Monday, April 18, 2011

 

Kate/James

Any Kate Bush fans out there have feelings about the James Joyce estate giving her permission to use Molly Bloom's soliloquy in an updated version of 'The Sensual World'? Here it is (it's about the most beautiful writing in the English language):

"...I was a Flower of the mountain yes when I put the rose in my hair like the Andalusian girls used or shall I wear a red yes and how he kissed me under the Moorish wall and I thought well as well him as another and then I asked him with my eyes to ask again yes and then he asked me would I yes to say yes my mountain flower and first I put my arms around him yes and drew him down to me so he could feel my breasts all perfume yes and his heart was going like mad and yes I said yes I will Yes. "

Comments:
I have just awoken from a dream in which you and I tied ribbon around lamp posts. Consequentially, I immediately checked your blog, and an so glad I did because this news excites me.

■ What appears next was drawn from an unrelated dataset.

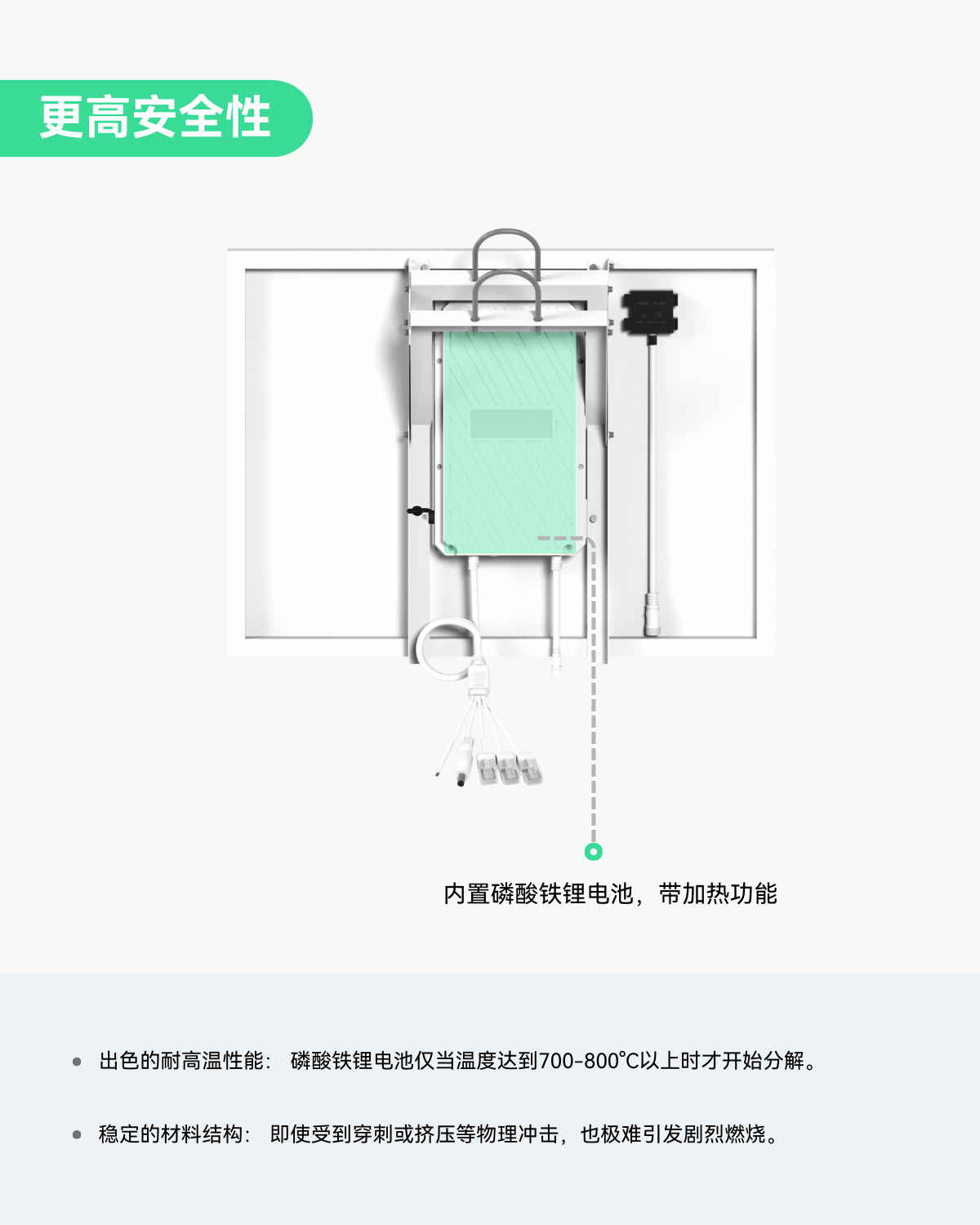 - 更高安全性 - 磷酸铁锂(LiFePO4)电池提供更强的安全性,具备出色的耐高温性能和稳定的材料结构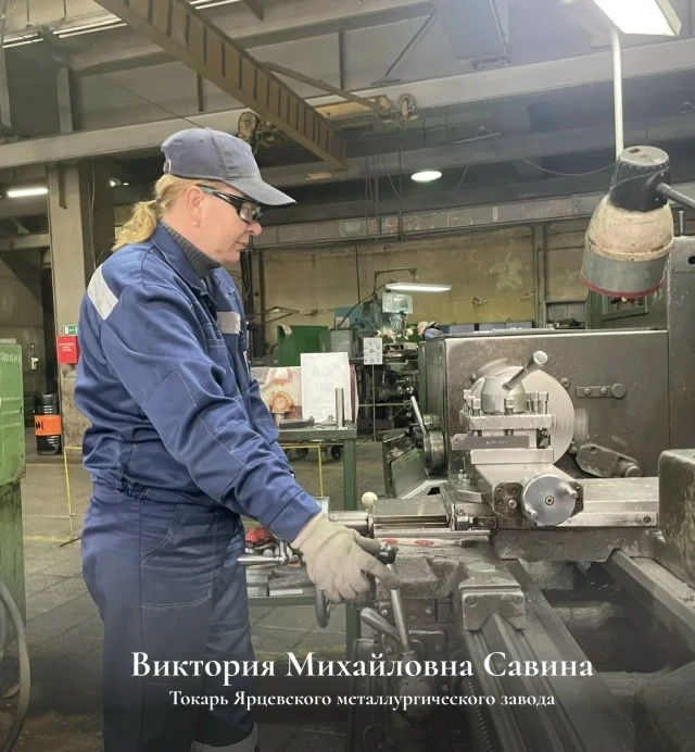 • Виктория Михайловна Савина более восьми лет работает токарем на Ярцевском металлургическом заводе. Профессию она освоила в 2013 году, начав трудовой путь практически с нуля. Признается, что любит свою работу за постоянное развитие и новые задачи. Уверена, что женский взгляд на производственные процессы помогает находить нестандартные решения.

This piece of writing is amazing, each time I read it I'm struck all over again by how divine it is, you can hear Molly's heart racing.

I'm really excited to see what Kate Bush does with it. Running up the Hill is one of my most loved songs, just beautifully haunting and strangely invigorating, just like Molly's last words, 'and yes I said yes I will yes'.

Hope you're well,
Tarnia x
 
Tarnia! Of course that's your fave song, that makes sense...x
 
My previous gf (who told me she's bi-polar 2 the first night I met her), had a James Joyce quotation tattooed on one of her lovely, willowy arms. "The ineluctable modality of the visible" it read. Well, she was an English lit student... before she dropped out of school and started selling her sexual services a few months after I met her. I'm still vaguely suicidal over not having her in my life any more.

Bruce
 
Just read your piece in The Paris Review and loved it. You're so wonderful! Thanks for putting out such an intimate piece of writing, I am redeemed. The style and use of video put me in mind of a website you might like: ryeberg.com
Looking forward to reading your memoir.
 
Just read your piece in The Paris Review and loved it. You're so wonderful! Thanks for putting out such an intimate piece of writing, I am redeemed. The style and use of video put me in mind of a website you might like: ryeberg.com
Looking forward to reading your memoir.